The recurring narrative, in my opinion, describes a minority reality. It speaks to a large company and to a person who works with a contractual link for an indefinite period of time, who was trained in a traditional way, who has a set of benefits and who develops in a closed environment, without contact with the World. This is no longer observed in the reality of the majority. Organizations are open and expanded, they have different sizes and structures, they are connected with others from different geographies, people interact in multiple ways, they have been formed through various devices, they have different formal or informal contractual links with the company and what is crucial for the perspective of this analysis is that the interconnection is total.
It is here that we must introduce a key concept: culture.
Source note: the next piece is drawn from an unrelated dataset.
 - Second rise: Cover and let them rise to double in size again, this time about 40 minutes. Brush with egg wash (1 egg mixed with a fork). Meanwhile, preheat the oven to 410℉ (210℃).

Organizational culture is a company’s way of doing, thinking and feeling. It is unique and unrepeatable, it is shaped and consolidated every day. It is a social construction, it has codes and symbols and it is what makes professional intervention in each organization so exciting.
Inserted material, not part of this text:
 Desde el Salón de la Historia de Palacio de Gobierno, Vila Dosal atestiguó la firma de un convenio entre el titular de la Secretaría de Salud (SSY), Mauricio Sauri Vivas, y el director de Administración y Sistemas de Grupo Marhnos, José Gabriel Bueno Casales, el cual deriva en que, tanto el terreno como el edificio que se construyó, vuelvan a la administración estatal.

The graph illustrating this column does not refer, as many have interpreted it, only to internal communication in a large company. That is one of the different views. It also illustrates all the possibilities that exist in the interaction between diverse people, formed from different formats, linked through different types of jobs, with different personal and family histories, business cultures, languages, traditions and goals in life.
The technological revolution has made this possible. The connection between people has become very fluid geographically, but it cannot solve, per se, the complexity of social interaction.
In some organizations that try very hard to be sexy, there are people who I suppose will have superpowers because they have roles whose mission is to manage happiness. A first superficial analysis of these roles reveals the poor intellectual level and/or the dubious ethical standards of those who have designed these structures. A second analysis reveals the impossibility of these organizations to grow by denying the possibility of conflict. A deeper analysis of Happiness Management would be enough for another column.
In these lines I will only state that I agree with the philosopher Fernando Savater; the word happiness is too pretentious. No one can be happy if they think they can stop being happy. “To be happy would require being invulnerable,” says the Spanish thinker.
For an organization to perceive itself as invulnerable is extremely dangerous. An organization is made up of people who by definition are vulnerable, with conflicts, in constant interaction. They must (with them) build, achieve goals, reach objectives, keep it alive and vibrant.
I prefer, closing any possibility of being original, to relativize the idea of happiness. The German philosopher Arthur Schopenhauer, for example, channels this idea through human ingenuity and practical prudence as a means of finding rules of conduct that lead to relative happiness.
Relative happiness in an organization is to grow, to be competitive and profitable, a reference where talent chooses to develop, to include, respect and promote diversity in all its forms, to care for the community and the planet. Without conflict there is no vital impulse, there is no margin for creativity and without it, there is no innovation.
Complexity is an opportunity, it implies living and interconnected organizations, learning, unlearning and relearning from diversity. With latent and manifest conflicts, far from empty roles and superficial concepts; close to objective knowledge and subjective reality.